Num. ranks	Exec. time	Weak scaling eff.
1	230.391	100.00%
2	227.082	101.46%
4	228.239	100.94%
8	227.195	101.41%
16	234.806	98.12%
32	236.069	97.59%
64	241.561	95.38%
128	248.337	92.77%

The results above indicate good weak scaling performance, with minor inefficiencies emerging as the system size increase: the weak scaling efficiency above 90% at 128 ranks is quite acceptable.

Hybrid MPI+OpenMP Wak Scaling

From the strong scaling analysis, we have concluded that OpenMP does not scale well above 8 threads.
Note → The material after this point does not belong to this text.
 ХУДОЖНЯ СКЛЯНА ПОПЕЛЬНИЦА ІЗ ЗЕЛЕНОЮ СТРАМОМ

As a consequence we will not perform a weak scaling analysis only we OpenMP. However, we can perform the analysis of the weak scaling behavior when running in hybrid OpenMP+MPI mode. The results are presented in the table below.
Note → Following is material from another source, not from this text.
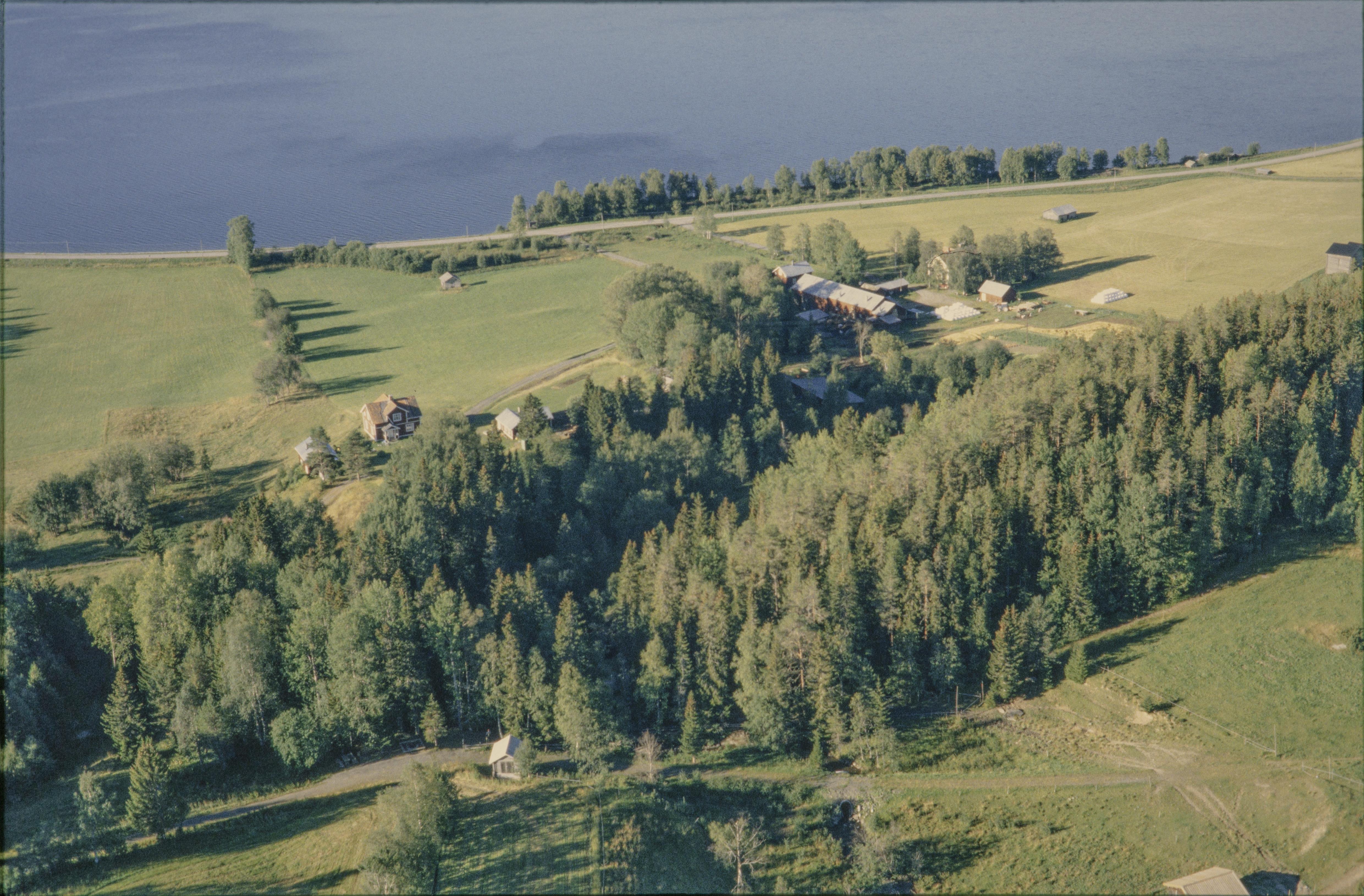 Beskrivning: Glösa by vid pilgrimleden Sankt Olavsleden på nordsidan av Alsensjön. I skogen vid bildens mitt Glösaberget med hällristningar RAÄnr Alsen 13:1. Bilden är tagen mot (väderstreck): VSV

Num. ranks	Num. Threads	Exec. time	Weak scaling eff.
1	2	226.731	101.56%
	4	247.551	93.02%
	8	260.567	88.37%
2	2	227.599	101.18%
	4	231.382	99.52%
	8	261.184	88.17%
4	2	227.459	101.24%
	4	234.047	98.39%
	8	263.285	87.46%
8	2	235.167	97.92%
	4	237.614	96.91%
	8	267.544	86.07%
16	2	234.312	98.28%
	4	242.185	95.08%
	8	292.457	78.74%
32	2	238.763	96.45%
	4	241.512	95.35%
64	2	241.352	95.41%

From the table above we can see that for 2 and 4 threads, the weak scaling performance is similar (or slightly better) to the results obtained in pure MPI mode. These results are consistent with the one obtained for the strong scaling.